Because I cannot help repeating myself, I will say that I think perhaps it gives CS Lewis too little credit to say that he doesn't succeed in writing a Christian story (or it involves a rather narrow view of what Lewis would have felt was a successful Christian story). Perhaps he succeeds in writing a Christian story, but it's better and wilder and more interesting and less dogma-driven than what we think of as "Christian stories", and so it doesn't match our mental categories.

After all, Lewis explicitly says in LB that it's okay to know god and be moral under a different name, as long as you're knowing god and being moral. So if you feel that you derived some of your moral education from the Narnia books, and if you felt some sense of "deepness" from them, if they came alive for you and gave you some sense of the numinous, and that aliveness transformed your mental landscape in a way that helped you be a better person - then whether or not you ended up seeing that as a "Christian" thing per se, I think *Lewis*, at least, would think he succeeded at it. I do really think that in the end, Christianity to Lewis was more about actions than terminology.

On the other hand, I think you might be giving him too MUCH credit as a narrative architect. I tend to think he didn't really think a lot about the broader implications of the whole railway accident thing. I suspect he just wanted all the friends of Narnia together for the big finale and to show that they were totally going to heaven(!), and given the constraints he'd created for himself, the "rocks fall, everybody dies" solution was the easiest. I mean, one, he wants to write about going to heaven, and this is the problem of writing about heaven in a YA book where your main characters are kids: you've gotta kill of a bunch of kids. And two, having Peter use the rings wouldn't actually have solved this problem; it would just have made it weirder. Either the Pevensies would then just have to have been kicked out of Narnia and back to earth when Narnia ended (in which case the big heaven finale is robbed of a lot of emotional impact because it'd just be a bunch of characters you care less about) or they'd still have had to die, just in Narnia instead.

In sum: I suspect it's more fair to say that Lewis murdered the Pevensies (manslaughter by narrative requirement) than to say that Aslan did. Also, I think the "better" version of the LB story is maybe one in which Lewis didn't feel like he had to go back to the Pevensies to give the story emotional weight, but struck out on new waters entirely and made us care about the Narnian characters enough that their story had weight by itself [I think this would be a weird but cool AU fanfic]. But, I don't think he could do that, because:

Your comments on the unsatisfactory nature of a lot of Lewis' later Narnia characters really brought home to me that I'm not sure whether Lewis considered them REAL, in a meaningful way. I suspect he was inconsistent in his own mind about this, actually. I think sometimes he did and sometimes he didn't. But given that Narnia is sort of a sandbox reality, I think there's a sense in which people who are derived from the sandbox reality are sort of sandbox people - you can love them the way you love anything in Narnia, but they have fundamental limitations to their depth. Humans in Narnia are a bit realer than everyone else there, because they have a real-world heritage from the imports. But the longer they've been in Narnia (and particularly if they and their parents were born there) the more sandboxy they are.

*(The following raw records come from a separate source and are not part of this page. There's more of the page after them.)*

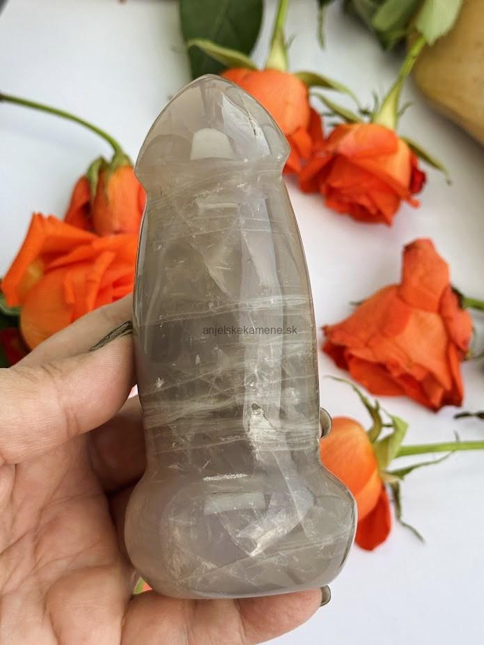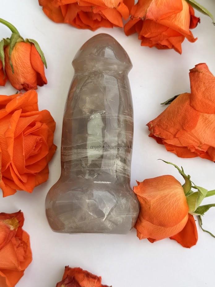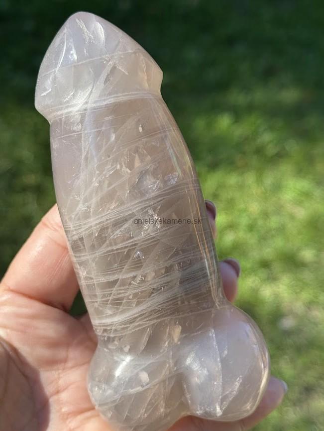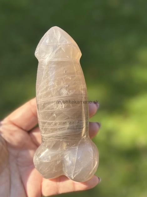 Falus z krištáľu v kombinácií s chalcedónom je celý posiaty dúhami. Pôvod Madagaskar.
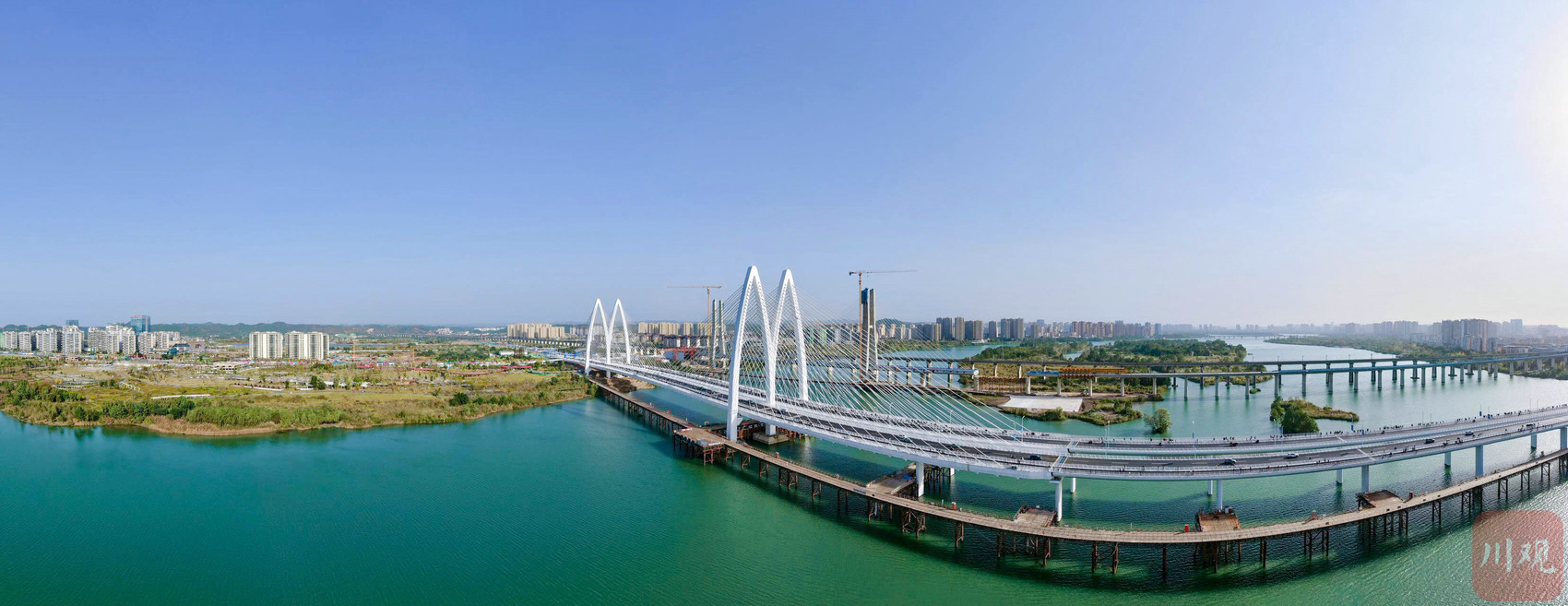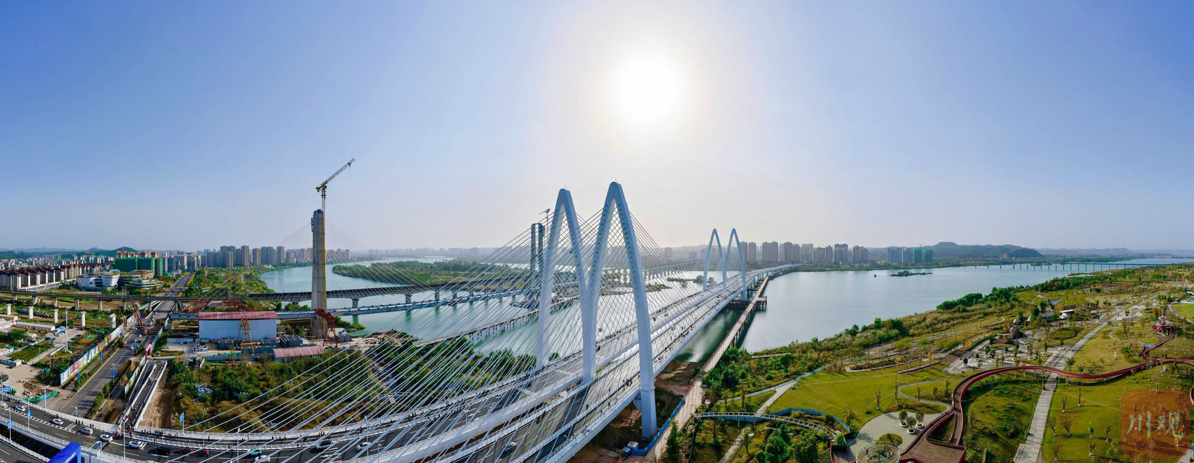 涪江六桥是遂宁首座双塔五跨混凝土梁斜拉桥,主跨338米,总长3.215公里,设计时速60公里,双向六车道,配套非机动车道及人行道。
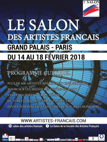 Après le vernissage d’hier, le Salon des Artistes Français installé au Grand Palais ouvre ses portes au public du mercredi 14 au dimanche 18 février 2018 de 11h à 20h – Nocturnes les jeudi 15 et samedi 17 jusqu’à 22h.
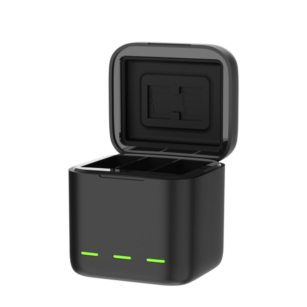 Mit diesem 3-fach Ladegerät kannst du drei GoPro Hero 9 Akkus zur selben und in kurzer Zeit aufladen. Das kompakte Design und das leichte Gewicht machen es möglich, die dreifache Akku-Box überall hin mitzunehmen.

Possibly that's the answer to why it's not a tragedy that the Pevensies have to go back to England after "growing up" in Narnia as kings and queens. Because I will say, when they get old in Narnia, they do start to display all those tell-tale signs of sandboxyness. The young, fresh-from-the-real-world Pevensies are sharply characterized and much more convincing than the King and Queen Pevensies, who sort of get compressed a bit into archetypes of chivalry. Growing up in Narnia is only sandbox growing up.